Thanks for the reply. I'm using the --archive FILE argument now. However, it seems it only works for logging posts, and not individual files. Any chance such an option could be implemented in the future so it will check each file downloaded?

There's this other GUI-based software called Kemono Downloader, and although downloads are prone to fail with it too, at least it skips the already downloaded files when the download fails and I have to restart the download (however, I have to always manually delete the corrupted files, or else it will register them as already downloaded.) I think maybe implementing a file size check might help making sure the files have been correctly downloaded.

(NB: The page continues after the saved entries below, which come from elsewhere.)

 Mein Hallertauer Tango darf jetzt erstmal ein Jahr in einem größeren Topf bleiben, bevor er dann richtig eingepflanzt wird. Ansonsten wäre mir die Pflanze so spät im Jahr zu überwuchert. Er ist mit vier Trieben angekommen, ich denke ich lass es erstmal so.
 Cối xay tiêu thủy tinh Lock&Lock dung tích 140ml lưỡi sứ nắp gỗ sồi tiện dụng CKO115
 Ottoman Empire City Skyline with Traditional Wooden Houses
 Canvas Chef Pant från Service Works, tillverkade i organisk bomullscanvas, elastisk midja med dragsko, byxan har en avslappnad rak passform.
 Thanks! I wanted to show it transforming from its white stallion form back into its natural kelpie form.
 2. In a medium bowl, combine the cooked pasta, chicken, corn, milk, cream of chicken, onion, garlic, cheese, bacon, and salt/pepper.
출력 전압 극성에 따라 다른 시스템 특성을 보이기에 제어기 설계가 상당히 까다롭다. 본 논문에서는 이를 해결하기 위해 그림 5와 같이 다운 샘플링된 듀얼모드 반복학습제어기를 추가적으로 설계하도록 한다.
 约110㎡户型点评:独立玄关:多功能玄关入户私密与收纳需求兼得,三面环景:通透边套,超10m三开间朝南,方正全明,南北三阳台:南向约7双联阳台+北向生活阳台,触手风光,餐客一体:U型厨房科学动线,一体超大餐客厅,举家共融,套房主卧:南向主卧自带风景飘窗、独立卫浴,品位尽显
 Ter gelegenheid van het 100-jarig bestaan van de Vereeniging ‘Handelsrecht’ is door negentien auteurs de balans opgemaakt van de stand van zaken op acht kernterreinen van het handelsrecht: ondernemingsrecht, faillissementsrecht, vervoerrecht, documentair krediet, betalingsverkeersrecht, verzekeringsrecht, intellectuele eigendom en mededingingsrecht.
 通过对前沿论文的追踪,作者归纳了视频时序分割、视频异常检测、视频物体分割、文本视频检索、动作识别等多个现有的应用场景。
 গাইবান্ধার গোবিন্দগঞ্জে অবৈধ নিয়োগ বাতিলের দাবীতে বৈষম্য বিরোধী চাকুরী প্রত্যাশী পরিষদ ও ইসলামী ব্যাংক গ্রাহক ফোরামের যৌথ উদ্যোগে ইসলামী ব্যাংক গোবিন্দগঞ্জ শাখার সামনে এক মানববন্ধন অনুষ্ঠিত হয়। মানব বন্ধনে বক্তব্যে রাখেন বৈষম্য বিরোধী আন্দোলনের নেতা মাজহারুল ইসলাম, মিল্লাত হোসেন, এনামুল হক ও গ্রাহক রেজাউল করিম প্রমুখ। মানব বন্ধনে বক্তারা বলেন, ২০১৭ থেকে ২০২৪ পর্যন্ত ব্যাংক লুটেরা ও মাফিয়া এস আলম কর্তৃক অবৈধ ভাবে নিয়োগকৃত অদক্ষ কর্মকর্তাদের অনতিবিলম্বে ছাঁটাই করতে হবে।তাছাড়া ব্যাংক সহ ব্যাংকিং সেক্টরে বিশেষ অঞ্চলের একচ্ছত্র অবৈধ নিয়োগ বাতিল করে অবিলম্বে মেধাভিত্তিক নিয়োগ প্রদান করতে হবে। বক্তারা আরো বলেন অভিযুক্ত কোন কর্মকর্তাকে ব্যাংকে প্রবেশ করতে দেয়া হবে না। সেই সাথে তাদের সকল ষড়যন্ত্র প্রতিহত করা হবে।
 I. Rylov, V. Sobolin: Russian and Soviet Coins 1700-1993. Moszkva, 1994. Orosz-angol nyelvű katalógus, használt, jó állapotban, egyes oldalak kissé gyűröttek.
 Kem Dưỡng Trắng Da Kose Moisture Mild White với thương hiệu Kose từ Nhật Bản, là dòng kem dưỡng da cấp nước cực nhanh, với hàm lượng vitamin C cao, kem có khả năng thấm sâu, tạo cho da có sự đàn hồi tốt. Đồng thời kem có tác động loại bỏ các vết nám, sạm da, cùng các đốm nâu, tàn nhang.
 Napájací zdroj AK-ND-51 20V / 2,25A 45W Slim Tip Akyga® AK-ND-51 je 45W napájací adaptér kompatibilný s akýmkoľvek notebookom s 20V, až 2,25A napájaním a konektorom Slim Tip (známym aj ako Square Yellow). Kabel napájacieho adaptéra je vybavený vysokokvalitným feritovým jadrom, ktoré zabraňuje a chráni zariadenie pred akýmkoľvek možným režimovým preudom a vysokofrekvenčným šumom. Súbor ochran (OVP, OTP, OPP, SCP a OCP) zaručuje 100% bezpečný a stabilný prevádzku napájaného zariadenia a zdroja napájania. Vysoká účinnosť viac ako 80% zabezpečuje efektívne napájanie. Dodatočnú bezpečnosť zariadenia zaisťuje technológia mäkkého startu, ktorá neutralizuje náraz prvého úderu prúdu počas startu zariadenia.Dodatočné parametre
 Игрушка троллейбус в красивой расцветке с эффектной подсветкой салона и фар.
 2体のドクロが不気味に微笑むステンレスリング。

AlphaSlayer1964 commented 2 years ago

Logging every file should be possible but I also see many complications with doing this. At the very least it would require the program to try to re download the file again and compare them. I also just realized that I need the script to delete the file if it fails so partial files aren't just sitting there.

AlphaSlayer1964 commented 2 years ago

Apparently the base URL has the sha-256 hash of the file as the file name but the problem is I noticed with some testing that some of the hashes that they have as file names seem to be wrong. I'm asking on their forum about it. If that issue can be figured out then that will be an easy way of checking if a file was already downloaded and if it was downloaded correctly. Though you will need to be consistent with using --force-index or not. Also another problem could come if a post is updated and indexing order changes.

albertobalsalm commented 2 years ago

Ok. I've been downloading a creator, and when the download fails, it will retry the last file it attempted to download. But if the download stops completely and I have to restart, it will re-download the whole post again. But this works for me. Thanks a lot for your continuous effort!

AlphaSlayer1964 commented 2 years ago

So I'm working on using the sha-256 hash in the file name to stop duplicate downloads and make sure file was downloaded correctly but I have noticed some of their hashes are wrong (1/10,000 maybe). I have my script being tested with 25 accounts and have only noticed like 3 files that had incorrect hashes.